Transcription regulation by long non-coding RNAs: mechanisms and disease relevance

Abstract

Long non-coding RNAs (lncRNAs) outnumber protein-coding transcripts, but their functions remain largely unknown. In this Review, we discuss the emerging roles of lncRNAs in the control of gene transcription. Some of the best characterized lncRNAs have essential transcription cis-regulatory functions that cannot be easily accomplished by DNA-interacting transcription factors, such as XIST, which controls X-chromosome inactivation, or imprinted lncRNAs that direct allele-specific repression. A growing number of lncRNA transcription units, including CHASERR, PVT1 and HASTER (also known as HNF1A-AS1) act as transcription-stabilizing elements that fine-tune the activity of dosage-sensitive genes that encode transcription factors. Genetic experiments have shown that defects in such transcription stabilizers often cause severe phenotypes. Other lncRNAs, such as lincRNA-p21 (also known as Trp53cor1) and Maenli (Gm29348) contribute to local activation of gene transcription, whereas distinct lncRNAs influence gene transcription in trans.

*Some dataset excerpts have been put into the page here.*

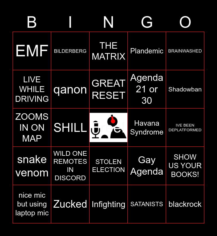 This bingo card has a free space and 156 words: FREQUENCIES, "THEM", CRINGEY SLUR, Websites Printed Out, ANTI MASK, SHEDDING, CHEMTRAILS, Hunter's Laptop, VACCINE HESITANT, Vitamin D, MICROCHIP, PATENTS, ZOOMS IN ON MAP, FB LIVE IN CAR, LIVE WHILE DRIVING, GREAT RESET, FALSE FLAG, POINTS PHONE AT COMPUTER, BIRB!!, Phone Notification, LUCIFARIANS, HELLO!, Rothschilds, TROLLS, DOGGO, FB IS CENSORING ME, SHILL, BLAMES 5G, WE DO NOT CONSENT, DRAG QUEEN, VERTICAL VIDEO, DEEP STATE, DO YOUR OWN RESEARCH, WOKE, SATAN, SOMEONE DANCES, DEPOPULATION, ANONYMOUS, SHOW US YOUR BOOKS!, DESK FULL OF PAPERS, NEW WORLD ORDER, X-FILES REFERENCED, GLOBALISTS, COMMIES, NATURAL IMMUNITY, Gay Agenda, Grooming, SOROS, Common Law, MARK OF THE BEAST, Fake Legal Jargon, Weird Flag Shit, ITS THE JEWS, BILDERBERG, PEDOPHILES, Plandemic, CRIMES AGAINST HUMANITY, ELON, EPSTEIN, ITS GOD, ITS THE DEVIL, IVE BEEN DEPLATFORMED, Scamdemic, Agenda 21 or 30, CHILD TRAFFICKING, ELITES, THE MATRIX, RED PILL, Cabal, EMF, BOARD OF SUPES, IMMUNO- COMPROMISED, WILD ONE REMOTES IN DISCORD, SATANISTS, NEW FOLLOW, NEW SUB, BABY THROWS MONEY, RAIIIIID, ANTI- VAXX, MARICOPA, Climate Hoax, ROCKAFELLERS, NUMEROLOGY, FEMA CAMPS, THE CHILDREN, D.E.W., Social Credit, Chi-Coms, WALK AND TALK, STOLEN ELECTION, Biolab, Shadowban, UNMUTE YOURSELF, Cat anywhere on screen, 5D earth, NOWSPACE, QUANTUM GRAMMAR, MUZZLE, JAB, Zucked, FAKE GOVERNMENT TITLE, USA IS A CORPORATION, SCIENTOLOGY CONNECTION, PRINTED OUT KEYWORDS, SHERIFFS ARE SUPREME AUTHORITY, Drinking Pee, Takes Off Glasses, Puts On Glasses, Convoy, Leftist Audio, Dissent in live chat, Sings A Little Song, Also A Musician, Nano Tech, Groomer, They Don't Want You To Know, died suddenly, blood clots, gun in the background, GREAT REPLACEMENT, BRAINWASHED, Kissinger, tel- lie- vision, What did I walk into?, Nerdy Tech Rabbithole, mud flood, free energy, weather modification, Jim Lee's Website, Chat Is Off Topic, CBDC, Havana Syndrome, D.U.M.B.S., Infighting, Lost Tech, Look At The Data, Moon Landing, Died Suddenly, cure all, anecdote = evidence, snake venom, nice mic but using laptop mic, tunnels, getty, mk ultra, aliens, atlantis, spiritual warfare, anti christ, bill gates, qanon, W.E.F., guest monologue, myocarditis, blackrock and 9/11.
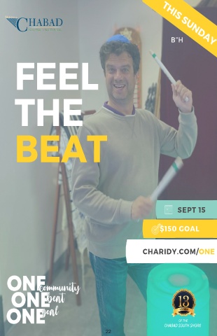 B”H THIS SUNDAY FEEL THE BEAT SEPT 15 $150 GOAL CHARIDY.COM/ONE Of The Chabad South Shore 22
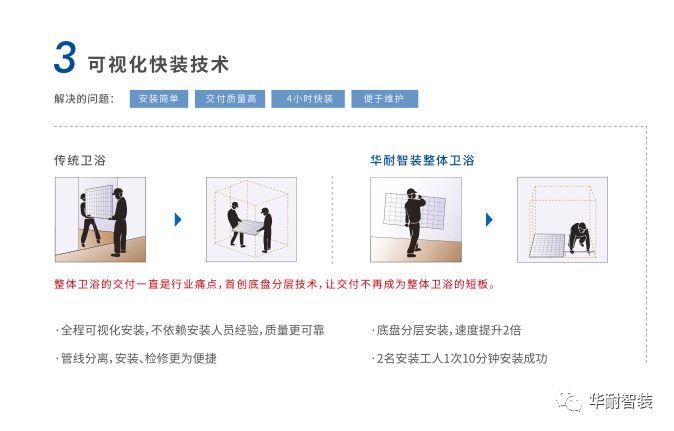 相比传统卫浴,华耐智装整体卫浴真正实现了“从拖泥带水到干净利落”。我们不仅将这一理念应用到整体卫浴产品本身,也应用在我们的工作流程中,能够“干净利落”地帮助客户解决问题,为用户提供更优质的产品及服务。

We discuss findings of lncRNAs that elicit a function through either activation of their transcription, transcript elongation and processing or the lncRNA molecule itself. We also discuss emerging evidence of lncRNA involvement in human diseases, and their potential as therapeutic targets.

Fig. 1 |. Mechanisms of transcription activation in cis by long non-coding RNAs.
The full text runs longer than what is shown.